The results in Tables 2 and 3 suggest that the Wisconsin experiment boosted rates of economic growth. Prior to 2011, economic growth in Wisconsin’s border counties was on par with those in Minnesota and lagged that in Illinois. After 2010, economic output in Wisconsin counties that border Illinois grew more than 1 percent a year more rapidly than in the counties to the south. We see weaker evidence of superior performance among Wisconsin counties on the Minnesota border. However, there is no evidence that the Wisconsin experiment produced worse economic performance. All the evidence points in the opposite direction.

The results in this section are not surprising. Prior research shows that state-level economic freedom rankings are strongly correlated with a wide range of measures of economic vitality. States with higher levels of economic freedom have lower unemployment rates and higher labor force participation ratios,25 more rapid employment growth,26 and more startup activity,27 and they attract more foreign direct investment.28

The Wisconsin experiment and interstate migration

Interstate migration is a useful barometer of a state’s economic health. Americans have the freedom to “vote with their feet” by moving to jurisdictions that offer a more desirable mix of opportunities and amenities.
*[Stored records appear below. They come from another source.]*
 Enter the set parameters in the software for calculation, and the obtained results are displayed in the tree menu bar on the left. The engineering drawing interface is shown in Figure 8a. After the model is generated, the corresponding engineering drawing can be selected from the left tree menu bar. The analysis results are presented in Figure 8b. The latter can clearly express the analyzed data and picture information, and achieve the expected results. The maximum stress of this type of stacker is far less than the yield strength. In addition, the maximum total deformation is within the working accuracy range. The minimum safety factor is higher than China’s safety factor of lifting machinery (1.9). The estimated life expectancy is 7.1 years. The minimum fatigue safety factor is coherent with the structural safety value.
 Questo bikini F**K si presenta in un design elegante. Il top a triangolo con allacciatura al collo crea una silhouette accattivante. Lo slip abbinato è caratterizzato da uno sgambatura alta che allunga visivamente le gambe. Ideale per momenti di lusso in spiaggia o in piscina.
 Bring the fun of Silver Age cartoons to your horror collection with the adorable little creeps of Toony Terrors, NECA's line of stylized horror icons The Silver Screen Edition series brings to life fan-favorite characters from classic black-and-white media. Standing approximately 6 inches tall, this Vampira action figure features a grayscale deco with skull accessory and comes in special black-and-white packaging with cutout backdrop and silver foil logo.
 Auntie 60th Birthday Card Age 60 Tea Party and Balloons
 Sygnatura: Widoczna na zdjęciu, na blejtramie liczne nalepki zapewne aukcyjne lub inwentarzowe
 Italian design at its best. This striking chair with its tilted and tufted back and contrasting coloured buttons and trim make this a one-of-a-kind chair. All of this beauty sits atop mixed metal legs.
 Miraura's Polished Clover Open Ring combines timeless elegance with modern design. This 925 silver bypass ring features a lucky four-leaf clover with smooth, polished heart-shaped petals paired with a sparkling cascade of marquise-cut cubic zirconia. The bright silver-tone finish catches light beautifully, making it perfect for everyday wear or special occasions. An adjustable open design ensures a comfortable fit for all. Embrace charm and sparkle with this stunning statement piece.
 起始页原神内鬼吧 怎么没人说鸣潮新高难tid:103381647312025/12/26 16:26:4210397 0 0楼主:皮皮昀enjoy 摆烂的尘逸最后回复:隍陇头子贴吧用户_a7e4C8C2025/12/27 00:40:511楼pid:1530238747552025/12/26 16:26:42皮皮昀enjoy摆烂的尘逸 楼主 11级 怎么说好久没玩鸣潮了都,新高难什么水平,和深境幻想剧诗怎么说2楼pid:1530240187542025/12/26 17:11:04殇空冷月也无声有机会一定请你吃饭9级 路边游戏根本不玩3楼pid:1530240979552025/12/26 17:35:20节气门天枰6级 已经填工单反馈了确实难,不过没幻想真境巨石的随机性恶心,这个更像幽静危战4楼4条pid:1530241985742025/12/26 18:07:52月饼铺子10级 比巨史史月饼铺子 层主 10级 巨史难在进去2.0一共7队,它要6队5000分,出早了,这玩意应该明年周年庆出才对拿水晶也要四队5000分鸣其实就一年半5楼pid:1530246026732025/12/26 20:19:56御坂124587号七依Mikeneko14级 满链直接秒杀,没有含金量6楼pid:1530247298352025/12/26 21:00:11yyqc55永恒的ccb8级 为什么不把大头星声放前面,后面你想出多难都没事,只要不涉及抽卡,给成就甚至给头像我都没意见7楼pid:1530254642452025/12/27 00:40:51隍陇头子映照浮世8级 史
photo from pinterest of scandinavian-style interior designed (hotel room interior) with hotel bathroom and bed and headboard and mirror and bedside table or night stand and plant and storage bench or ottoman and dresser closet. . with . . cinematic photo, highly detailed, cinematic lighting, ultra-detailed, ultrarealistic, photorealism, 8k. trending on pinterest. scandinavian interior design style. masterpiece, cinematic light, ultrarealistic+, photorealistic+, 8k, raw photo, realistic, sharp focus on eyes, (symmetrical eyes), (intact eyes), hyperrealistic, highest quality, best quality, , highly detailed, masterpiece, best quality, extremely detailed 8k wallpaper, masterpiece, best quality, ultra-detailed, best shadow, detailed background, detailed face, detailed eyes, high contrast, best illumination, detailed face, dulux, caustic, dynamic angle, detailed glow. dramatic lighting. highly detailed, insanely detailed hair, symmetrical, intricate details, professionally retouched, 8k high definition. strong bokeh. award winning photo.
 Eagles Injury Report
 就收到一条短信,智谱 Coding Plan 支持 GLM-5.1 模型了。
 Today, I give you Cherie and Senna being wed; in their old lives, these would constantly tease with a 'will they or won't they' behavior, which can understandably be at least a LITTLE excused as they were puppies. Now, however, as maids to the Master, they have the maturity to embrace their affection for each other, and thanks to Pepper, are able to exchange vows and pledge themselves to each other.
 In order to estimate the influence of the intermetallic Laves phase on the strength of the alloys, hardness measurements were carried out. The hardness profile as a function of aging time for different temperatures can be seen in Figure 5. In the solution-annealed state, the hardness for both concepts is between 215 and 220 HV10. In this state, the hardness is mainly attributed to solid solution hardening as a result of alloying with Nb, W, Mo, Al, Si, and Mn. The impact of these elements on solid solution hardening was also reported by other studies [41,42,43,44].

Locational amenities such as climate and geography are static while public policy is not. State economic, political and fiscal policies significantly impact economic growth and job creation and can thereby alter patterns of interstate migration.

Migration patterns provide insight as to whether the Wisconsin experiment made the state more attractive to economic migrants. Illinois and Minnesota again provide useful benchmarks. If the Wisconsin experiment produced greater economic opportunity relative to the progressive model, we would expect to observe greater in-migration and less out-migration in Wisconsin relative to these two neighboring states.

Interstate migration can enhance a state’s fiscal health and economic vitality. Skilled workers relocating from other states can alleviate localized labor shortages, something particularly important in a state like Wisconsin with slow domestic labor force growth. High-income individuals of working age often possess valuable managerial, entrepreneurial and technical skills and raise the level of human capital in a state or locality. In-migration of high-income taxpayers improves a state’s fiscal balances. High-income earners generally pay more in taxes than the cost of the services that they consume.

Research on economic freedom and interstate migration shows that Americans tend to move from low- to higher-freedom states and metropolitan areas.29 A related and larger literature concerns taxes and interstate migration. Research shows that Americans tend to move from high- to low-tax states,30 that the migration propensity of higher-income households is more sensitive to tax policy than that of middle- and lower-income households,31 and that the interstate migration propensity of high-income households has become more sensitive to tax rates due to the rise of remote work arrangements following the COVID pandemic.32

I use interstate migration data from the Internal Revenue Service.33 For each state, the IRS compiles aggregate statistics on the number of returns filed by taxpayers moving into and out of that state between tax years, the number of individuals listed on the returns, and their total adjusted gross income (AGI).34 The IRS data allows for the examination of the number of movers and the economic and fiscal impact of interstate migration. IRS data on interstate migration by age and income is available from tax year 2012 through tax year 2023.35 Less granular data on interstate migration is available for earlier years. 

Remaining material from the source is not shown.